Oracle today announced the general availability of HeatWave GenAI, a managed database-as-a-service (DBaaS) platform that includes embedded large language models (LLMs).
The approach enables organizations to deploy LLMs at the point where their data already resides using standard CPUs rather than requiring graphical processor units (GPUs), says Nipun Agarwal, senior vice president for MySQL Database and HeatWave development at Oracle.
The HeatWave platform already includes HeatWave Lakehouse, HeatWave Autopilot, HeatWave AutoML, and HeatWave MySQL alongside a vector store that can be used to expose unstructured data to an LLM.
The in-database LLM enables IT teams to search data, generate or summarize content, and perform retrieval-augmented generation (RAG). In addition, they can combine generative AI with other built-in HeatWave capabilities such as AutoML to build applications that either invoke an LLM in a database or a foundational model running on a Generative AI service hosted on the Oracle Cloud Infrastructure (OCI) service. Oracle HeatWave is also available on Amazon Web Services (AWS) and Microsoft Azure or can be deployed in an on-premises IT environment.
Regardless of platform, IT teams will no longer need to export data to another platform to customize LLMs, notes Agarwal. Instead, the LLM is now essentially a feature of the database platform, he adds. “We’re democratizing LLMs,” says Agarwal.
All the steps needed to create a vector store and embeddings are automated and executed inside the database, including discovering the documents in object storage, parsing them, generating embeddings and inserting them into the vector store.

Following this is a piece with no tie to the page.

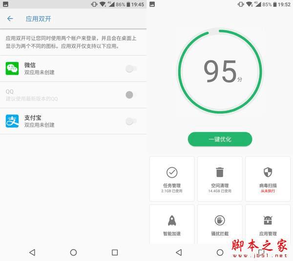 即使是原汁原味的Android,HMD也为国内用户的使用提供了不少接地气的功能,例如应用双开,虽然深藏在设置选项里,但也能支持QQ、微信这些基本应用。还有集成的手机管家,提供拦截骚扰、定期清理垃圾的选项,比较实用。

Additionally, organizations can perform semantic queries using standard SQL. In-memory hybrid columnar representation and the scale-out architecture of HeatWave enable vector processing to execute at near-memory bandwidth and parallelize across up to 512 HeatWave nodes. IT teams can also combine semantic search with other SQL operators to, for example, join several tables with different documents and perform similarity searches across all documents.

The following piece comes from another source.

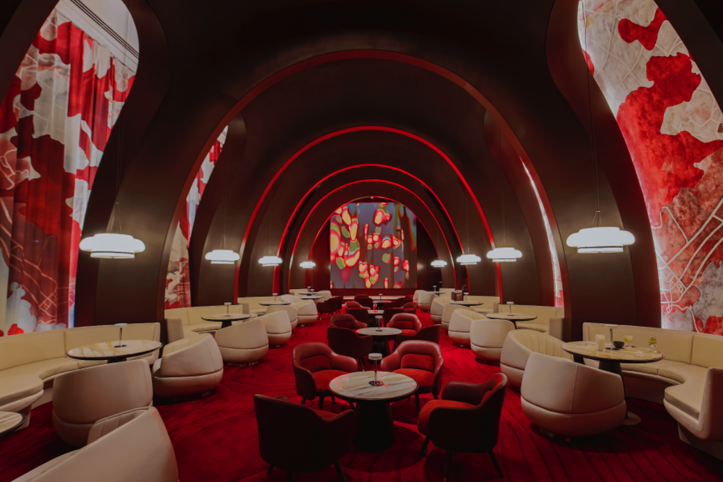 红HONG酒吧的灵感来自音乐、电影和调酒艺术,巨型的红玻璃玛瑙壁柜陈列着来自世界各地的佳酿和陈年烈酒,也收藏了你愿意与人分享的细腻情绪。

There is also a HeatWave Chat tool, plug-in for MySQL Shell built using VSCode to create a graphical interface for HeatWave GenAI that can be used to launch either natural language or SQL queries. An integrated Lakehouse Navigator enables users to select files from object storage and create a vector store. Users can search across the entire database or restrict the search to a folder. HeatWave maintains context with the history of questions asked, citations of the source documents, and all the prompts used to better verify the source of answers generated by the LLM.
Oracle claims creating a vector store for documents in PDF, PPT, WORD and HTML formats is up to 23X faster with HeatWave GenAI and 1/4th the cost of using Knowledge base for Amazon Bedrock. HeatWave GenAI is also 30 times faster than Snowflake and costs 25% less, 15X faster than Databricks and costs 85% less, and 18X faster than Google BigQuery and costs 60% less when using a variety of similar search queries on tables ranging from 1.6GB to 300GB in size, claims Oracle.
In addition, Oracle is claiming HeatWave Gen AI is 10 to 80 times faster than Amazon Aurora PostgreSQL with pgvector while generating more accurate outputs.
Each organization will need to determine what size LLMs makes the most sense to deploy in a database, but as generative AI continues to evolve, it’s apparent that the need to depend on an external service to add those capabilities to an application is going to considerably less.